Support us on Patreon to keep GamingOnLinux alive. This ensures we have no timed articles and no paywalls. Just good, fresh content! Alternatively, you can donate through PayPal, Flattr, Liberapay or Buy us a Coffee. You can also buy games using our partner links for GOG and Humble Store.
PC freeze with Vega and should I buy a RTX 2060 super?
Page: 1/2»
  Go to:
Dax Tailor 6 March 2020 at 7:46 pm UTC

Hi every one.
A while ago I build a new Ryzen 3000 PC with a Vega 56 GPU. For month now my PC is freezing randomly. With freezing I mean nothing works anymore, no virtual consol, no ping, no kernel sysreq. Have to do a hw reset. And there is never an error in the kernel log.
I tried everything I could find on the internet (BIOS changes, Kernel Boot options etc.) but nothing helps. Even the RAM is currently on the low default clock.
The main problem is, I can't reproduce it. But it happens always when a game is running. It never happens when I watch videos for example. So I don't think this is the C6 state problem. Even games with a low CPU and GPU usage, so it is not related to a high power usage.
About 2 weeks ago I watched a video from AdoreTV and he sad that this happens on Windows too. Because I thought that is a Linux problem I never looked into Windows related search results
However, the Windows problem is related to the Vega and Navi GPUs, not the Ryzen CPU.
I really hate so say that, but I'm very close to buy a NVidia (2060super) card.
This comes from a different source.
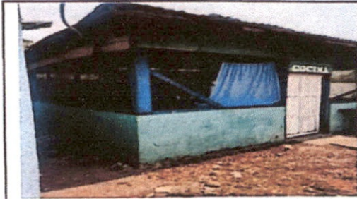
Foto 2: Sustitución de estructura de soporte de madera, por metal y sustitución de lámina

If this problem does not go away very soon I might even give up gaming on the PC. (Which is a bit of a pity with at least 30 not played games on steam, but I already found a new hobby, building Lego-kind sets, and I'm 53.)
Anyway, I think my question at the moment is not so much about how to fix the problem, although I might try if someone has an idea, but is there any known issue with a RTX 2060 super on linux at the moment? Don't want to spend over €450,- when there are other big problems.
Currently running Manjaro unstable? with the 5.5.7 kernel.
Thanks for reading this,
Bye

sr_ls_boy 6 March 2020 at 8:18 pm UTC

You could try to ssh into your computer to gather some more information.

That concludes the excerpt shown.